In an effort to monitor hostility facing local officials, Princeton University’s Bridging Divides Initiative combed public reports and social media, drawing more than 750 examples of harassment into a database they plan to update monthly as a way of tracking the evolving threat landscape. The initiative is a research group that tracks political violence in the U.S.

Emily Matesic at WLUK-TV:

With just days until he leaves his seat in Congress, U.S. Rep. Mike Gallagher could be shedding some light on the reasoning behind his early resignation. Gallagher announced in February he wouldn't be seeking re-election. Then, in March, he said he would be resigning his seat, effective April 19.   In one of his last acts in Congress, the Republican -- who represents Wisconsin's 8th District -- chaired a House Select Committee hearing on China's possible connection to fentanyl overdose deaths in the U.S.

 After the hearing, Gallagher spoke with reporters about the hearing and the end of his time in Congress.
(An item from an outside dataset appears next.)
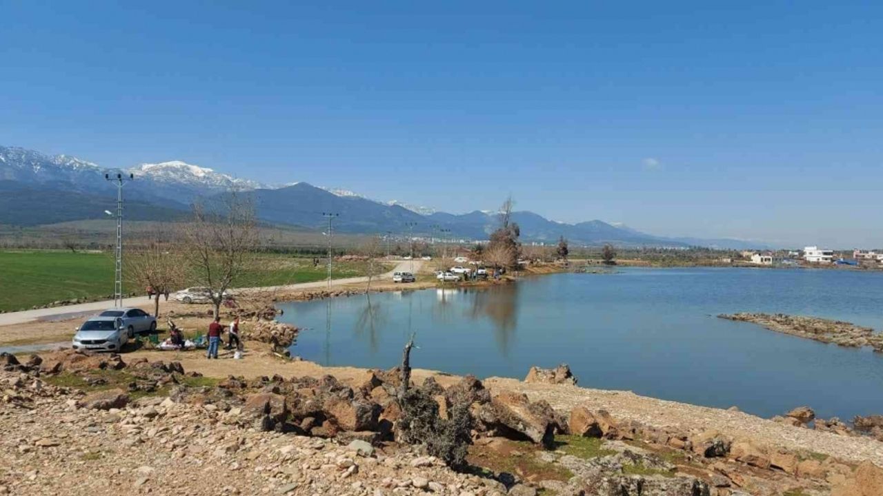 Hatay’ın Hassa ilçesindeki volkanik Haydarlar Gölü, hafta sonları piknikçilerin akınına uğruyor.

Rep. Gallagher said, "This is more just me wanting to prioritize being with my family. I signed up for the death threats and the late night swatting, but they did not. And for a young family, I would say this job is really hard." FOX 11 reached out to Gallagher's office about his comments on death threats and late night swatting calls. It's unclear if any specific incident led to his early resignation. However, FOX 11 did confirm through the Brown County Sheriff's Office -- which patrols Allouez, where Gallagher lives -- a case number was assigned late last year to a swatting incident related to Gallagher. The Sheriff's Office said it reached out to U.S. Capitol Police about the incident. In January, the investigation was handed over to federal authorities, including Capitol Police, the FBI and the United States Secret Service.